4. In chapter 13 the process of writing is analyzed, stopping in some way the plot for a while.
Although this writing technique was new at that time, what we cannot deny is that the reader was
expecting that (it is the best equivalence that I could find for se vea venir) because Fowles was
continually in and out of the plot from the very beginning, like in a surrealistic work in which the
author has the compelling need to stop the action in order to explain something related to it ( or not,
but the use of metalinguistic vocabulary is obvious). So Fowles is showing his process of writing and
he explains how he takes care of his characters or creations. At this point Fowles admits that he
wants them as free but loyal to their personality at the same time to the point that he does not want to
make his characters do, think, or make something that could betray their soul, like if putting himself
in the place of a father or God (if any). To sum it up, in this chapter the narrator/Fowles shows
himself as another character in the work (though in my opinion the narrator in The French
Lieutenants Woman can be considered as another character through the whole work) to express how
he has been struggling in this process of shaping the characters (or just making them real copies of
their moulds).

5. The French Lieutenants Woman ending is a well-built one, because the writer is telling
why he wrote that ending. He is explaining his reasons for finish that way, which is something
revealing and calming, just because the reader has for once all the clues for the novel, and this could
have the sense of being against the own ending (or all the different endings shown) but it is not,
because without having all those clues, the reader is sure to be completely lost. And eventually
everything can be summarized as a child game, in which the author chooses a more or less suitable
ending, but in this case Fowles knows that the reader has been enlightened yet and she or he is not
going to rely in everything they read because they have been told so and warned by the reader.
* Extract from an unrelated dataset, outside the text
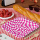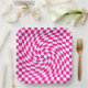 Magenta Pink & White Warped Chic Chequered Pattern Paper Plate
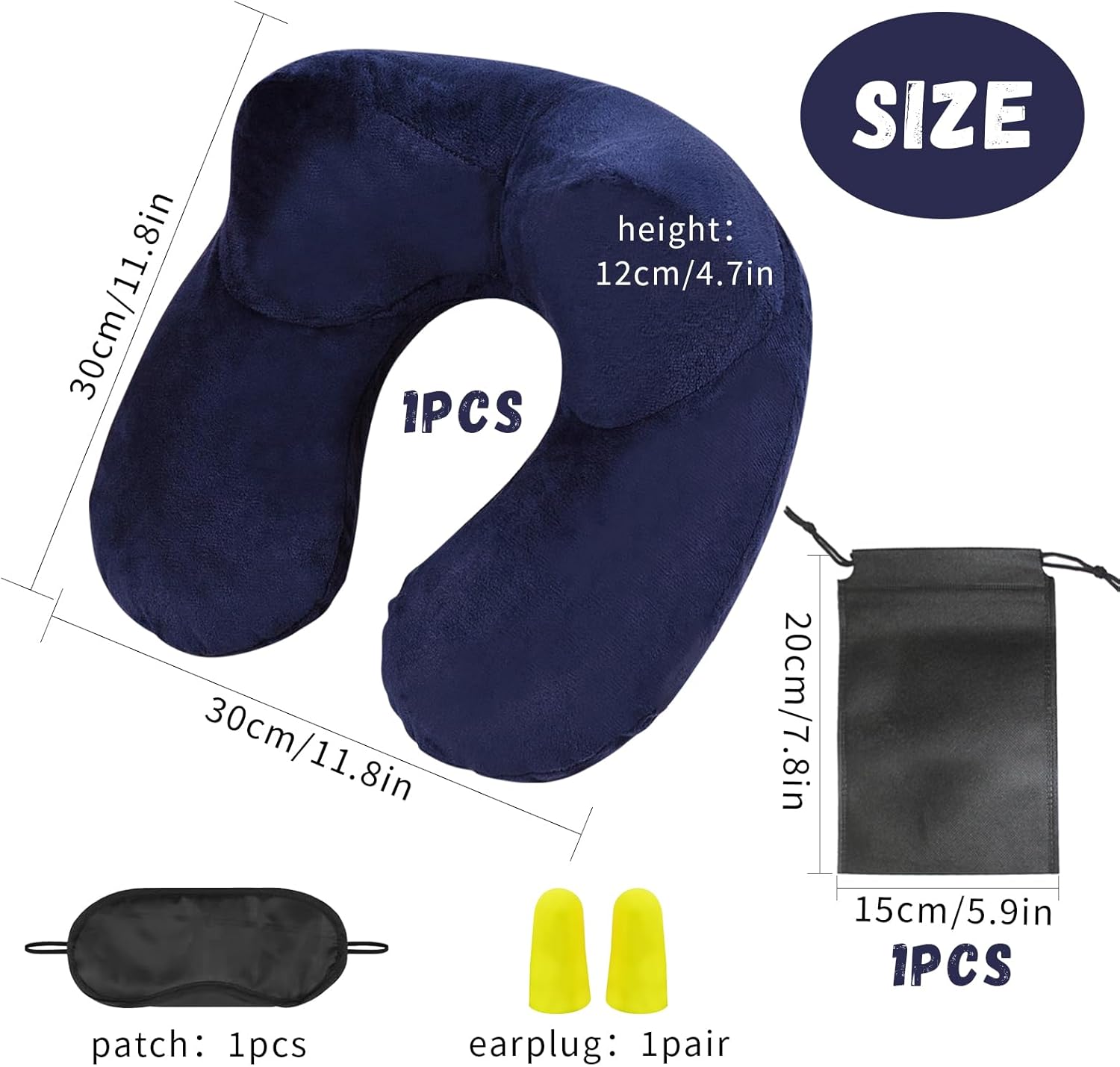 Coussin de Voyage, Compact Coussin de Voyage avec Taie d’oreiller Lavable, avec Masque pour Dormir+ Bouchons d’Oreilles + Sac Transport, pour Avion Train [Bleu]

Moving to the second question and sincerely speaking, I find Long Story Short ending quite
impressive and fun because, after playing with the reader about if the writing is real or invented,
about how the story is going to continue, finish, or start again, etc eventually the reader can realize
that everything is in the authors mind because maybe he could have been cheated by his brother and
his fiance and he is imagining a surrealistic situation in which, for him, there is a happy ending full
of revenge and greetings (just to continue with the irony).